It's probably safe to say this hasn't been the cheeriest of years for a lot of us, and sometimes, cheering-the-hell-up comes from unexpected places.
Like a John Waters-style, lesbian utopian, cowgirl-trucker romance music video, for instance. If this doesn't make you smile, it's hard to think of what would. You're probably the sort of person that throws cats in wheelie bins.
The music video was directed by Lydia Garnett, and features the band she plays bass in, Trouble Wanted. It's such a smart piece of video in its marriage of ludicrous high-camp and poignant gestures: the short really feels like a fully formed piece of cinema, despite its claustrophobic setting within the four walls of a saloon, and the fact that not a huge amount really happens narrative-wise. By the time the five minutes were over, I was almost definitely struck with the same affliction as our titular lonely Cowgirl – madly in love with this swaggering dyke trucker.

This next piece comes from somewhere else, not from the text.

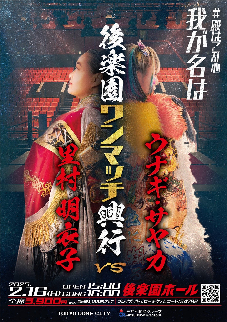 東京ドーム自主興行を目標にプロレス界を翔る傾奇者ウナギ・サヤカ選手が、2025年4月29日(火・祝)に後楽園ホールで引退をする女子プロレス界の横綱 里村明衣子選手に挑む。両選手とも後楽園ホールデビューであり、最初で最後の両者のシングルマッチになります。後楽園ホールに新たな歴史が生まれる興行になります。

Aside from some wild green screen trips, the story is driven more by lustful looks and exaggerated gestures than conventional action. The Lonely Cowgirl is played superbly by performer Lilisque, who acts alongside the band themselves. The creative team working on lighting, art direction and styling all hail from London's queer scene; and their main goal was to "make the four walls of this surreal and otherworldly saloon feel like it could be 1970 or 2030," says Garnett, who also works for production company Somesuch.
One of the underpinnings of the film is re-dressing the balance of who we see on screen: "How often do we get to see queer women's stories on screen, and how often do queer women get to own their fantasies?" says Garnett.
"As a queer team and band, we had the freedom to create our own narrative and represent ourselves authentically on screen: the gaze and the story were ours alone. We created a story of seduction, a funny, sexy powerplay and a very queer exchange."
"Lonely Cowgirl was one of the first songs we wrote as a band around a year and a half ago, and the idea of a funny, powerful, self-aware but campily sexy cowgirl was key to the concept right from the start," says Garnett. Things are deliberately ambiguous though: the cowgirl seems to be alone, but that's not necessarily indicative of loneliness. We have to wonder, is she up to this dyke-trucker-seducing schtick every night?
"The aesthetic was inspired by classic American cinema," says Garnett. "As we've seen in Disclosure on Netflix, queer and trans bodies are mostly always villainised, and there's a joke that gay romances in movies always end with someone dying! I wanted this to be a love story where we get to get lost in this queer romance," she adds.
The slow zooms that add a seductive stylistic twist looked to both "match the laconic feel to the track" and created that Twin Peaks-ish sense that "things linger for a little too long, but you can't look away," says Garnett. "The steady zooms, and sometimes jerky camera give it a feeling of not being overdone."